Wiki is a short form of the Hawaiian word wiki-wiki, which means quick. A wiki is an easily made web page, where users can create and edit content and link to other web pages anytime they want. Wikis can be made using open source software such as Wikispaces or PBwiki. For short videos explaining wikis, see What is a Wiki or Wikis in Plain English.

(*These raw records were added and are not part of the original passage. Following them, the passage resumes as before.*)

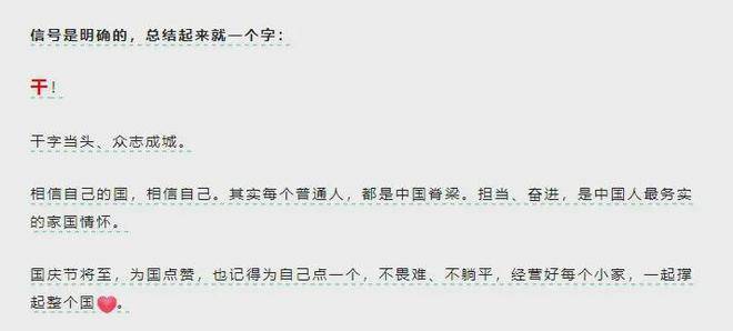 “券商一哥”中信證券9月26日在其官方微信公眾號中,以簡單粗暴的一個字——“幹”作為標題。明確表示,幹字當頭、眾志成城。大盤全線拉昇,“是信心,也是心氣兒的迴歸”。
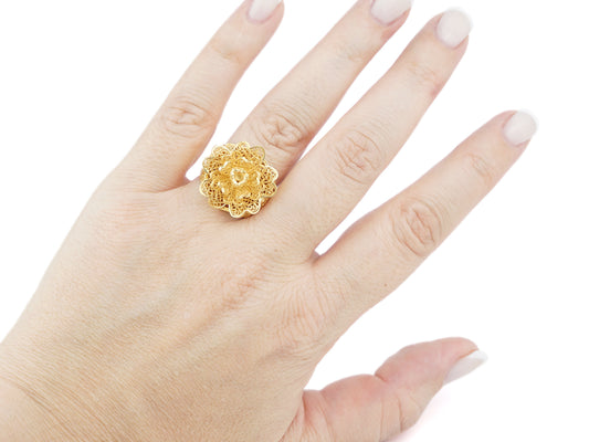 Anel Flor Rica, ajustável, Filigrana Portuguesa, Prata de Lei 925 Dourada
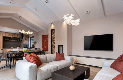The house is suitable for 8 people, has a living area of 180 sqm on two floors. The ground floor has a spacious living room, a fully equipped kitchen, a dining table, two bedrooms with double beds and en-suite bathroom. The second floor of the house has a sauna with en-suite bathroom and two more bedrooms with double bed and en-suite bathroom.
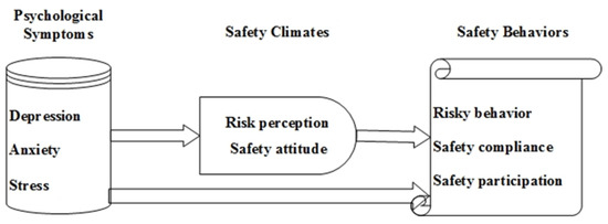 Psychological symptoms such as depression, anxiety, and stress can directly affect construction workers’ safety behaviors, including risky behavior, safety compliance, and safety participation. Depression often leads to disengagement from safety measures, resulting in increased risky behaviors and reduced safety compliance and participation. Anxiety can heighten vigilance, potentially improving safety compliance, but may also lead to risky behavior due to impaired judgment, while reducing safety participation. Stress may cause workers to prioritize speed over safety, leading to more risky behavior and decreased safety compliance and participation. Thus, the study proposes the following hypotheses:
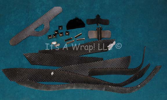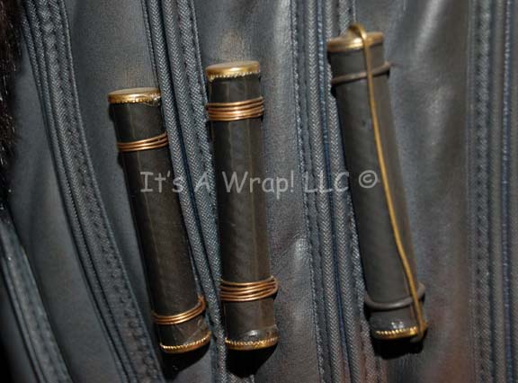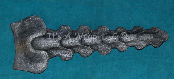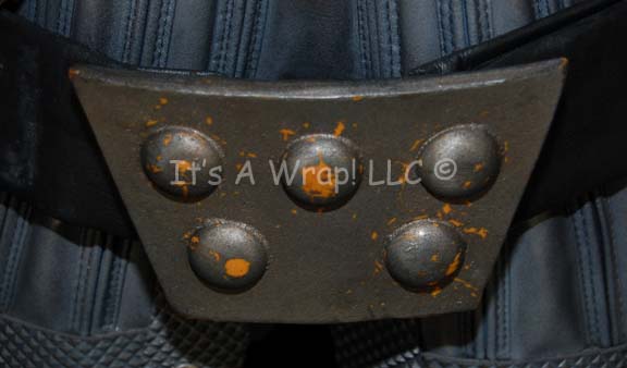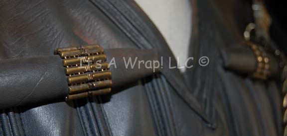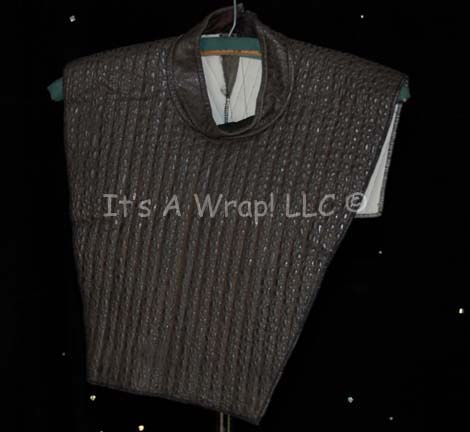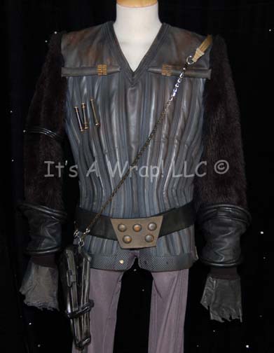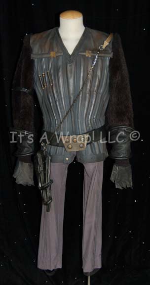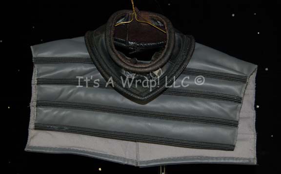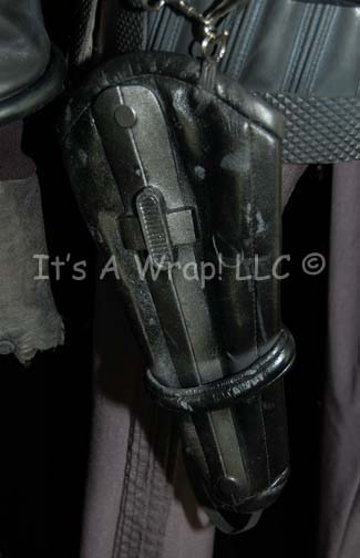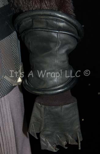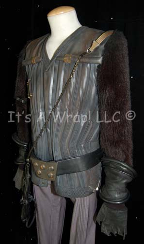 Description: A Klingon costume similar to those featured throughout 24th century Star Trek episodic television and feature films. This lot consists of a gray, leather/vinyl pleated, jacket featuring textured, vertical stripes, a dark-gray, shoulder “armor” piece with diamond-shaped rubber detail, metal tabs, wood and metal accents on the chest; chain around the left shoulder, black faux fur sleeves, horizontal, black stripes above them. A long, sleeveless, gray undergarment with large vertical pleats, a second undergarment with a white stitched, swirl pattern, and one of the trademark Klingon belts featuring the trapezoidal buckle and five raised dots on it. A black leather gorget featuring black, rubber piping and Klingon iconographic symbols, matching gauntlets, black, vinyl disruptor holster with resin cast accents, a pair of black, leather gloves with trimmed fingers and “claws” on the ends, rubber and resin cast gauntlet and arm badges with Klingon iconography, a molded foam spinal piece, gray, pleated, overall-style trousers with stirrups for the feet, and black, vinyl spats. Multiple labels denote use by many actors. Included is an additional faux leather dickie with a textured, faux snake skin design believed to have been worn by Steve Rankin as “Yeto” in the Deep Space Nine episode “Invasive Procedures” but is labeled as “Steve Ramkin”.

Wikipedia is one of the best known wikis with 2, 249,000+ articles, contributed and edited by anyone choosing to do so, demonstrating the power of collaboration. The big questions is: if anyone can edit anything on the site, how can you trust what you read on a wiki? There must be concern for accuracy of information on sites like Wikipedia, but in Will Richardson’s view, it seems there are more people who are interested in getting it right than there are those who want to simply contribute or even vandalize. In the online magazine Slate, Chris Wilson in his blog The Wisdom of the Chaperones, criticizes Wikipedia for claiming to be democratic when in fact there is “authorial domination by 1 percent of contributors”. This certainly isn’t the kind of user-generated collaboration to which Wikipedia attests. Is this kind of management necessary to maintain reliability? Alex Halavais (2004), a professor from the University of Buffalo experimented by creating 13 errors on Wikipedia, which were all fixed within a couple of hours. In December 2005, the magazine Nature compared 43 entries in Wikipedia with the same entries in Encyclopedia Brittanica and found Wikipedia to be only slightly less accurate.

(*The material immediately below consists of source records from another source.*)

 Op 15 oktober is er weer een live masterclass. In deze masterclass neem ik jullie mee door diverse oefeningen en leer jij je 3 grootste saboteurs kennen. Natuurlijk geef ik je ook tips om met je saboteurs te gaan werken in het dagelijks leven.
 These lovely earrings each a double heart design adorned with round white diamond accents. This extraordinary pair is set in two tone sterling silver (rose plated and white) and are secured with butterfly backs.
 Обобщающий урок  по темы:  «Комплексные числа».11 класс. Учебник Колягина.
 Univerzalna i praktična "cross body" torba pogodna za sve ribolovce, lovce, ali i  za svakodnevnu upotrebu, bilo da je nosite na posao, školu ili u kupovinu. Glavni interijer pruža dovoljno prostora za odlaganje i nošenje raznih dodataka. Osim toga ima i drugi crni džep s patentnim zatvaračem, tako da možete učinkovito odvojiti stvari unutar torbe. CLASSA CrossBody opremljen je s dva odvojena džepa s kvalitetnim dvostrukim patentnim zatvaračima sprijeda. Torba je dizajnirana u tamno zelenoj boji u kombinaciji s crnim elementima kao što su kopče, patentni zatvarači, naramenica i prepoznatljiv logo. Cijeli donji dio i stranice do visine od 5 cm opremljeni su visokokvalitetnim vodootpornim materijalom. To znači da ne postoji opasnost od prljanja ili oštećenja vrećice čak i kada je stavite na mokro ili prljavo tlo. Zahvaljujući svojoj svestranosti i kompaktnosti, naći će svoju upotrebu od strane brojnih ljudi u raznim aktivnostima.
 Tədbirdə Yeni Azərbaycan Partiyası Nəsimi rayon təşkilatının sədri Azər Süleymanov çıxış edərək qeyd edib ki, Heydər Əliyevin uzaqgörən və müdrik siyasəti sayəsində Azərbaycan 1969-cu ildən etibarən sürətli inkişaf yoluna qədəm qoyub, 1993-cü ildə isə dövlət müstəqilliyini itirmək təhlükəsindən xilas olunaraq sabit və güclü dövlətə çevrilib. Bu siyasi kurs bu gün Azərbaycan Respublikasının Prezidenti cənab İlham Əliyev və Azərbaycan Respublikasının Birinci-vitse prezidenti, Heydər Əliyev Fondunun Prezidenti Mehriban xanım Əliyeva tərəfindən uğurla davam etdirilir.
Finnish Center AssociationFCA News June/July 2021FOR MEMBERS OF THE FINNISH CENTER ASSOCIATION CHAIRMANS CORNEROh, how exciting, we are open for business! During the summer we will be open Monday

Like blogs, wikis are becoming popular in just about any aspect of life on this planet. You can find wikis on just about anything including Travel, Star Trek and even Teacher-Librarianship. Corporations have started using wikis to manage information and universities and colleges are beginning to use them with their faculty and students. This type of collaboration is becoming more popular, especially with controlled access to a wiki providing a quick and easy intranet.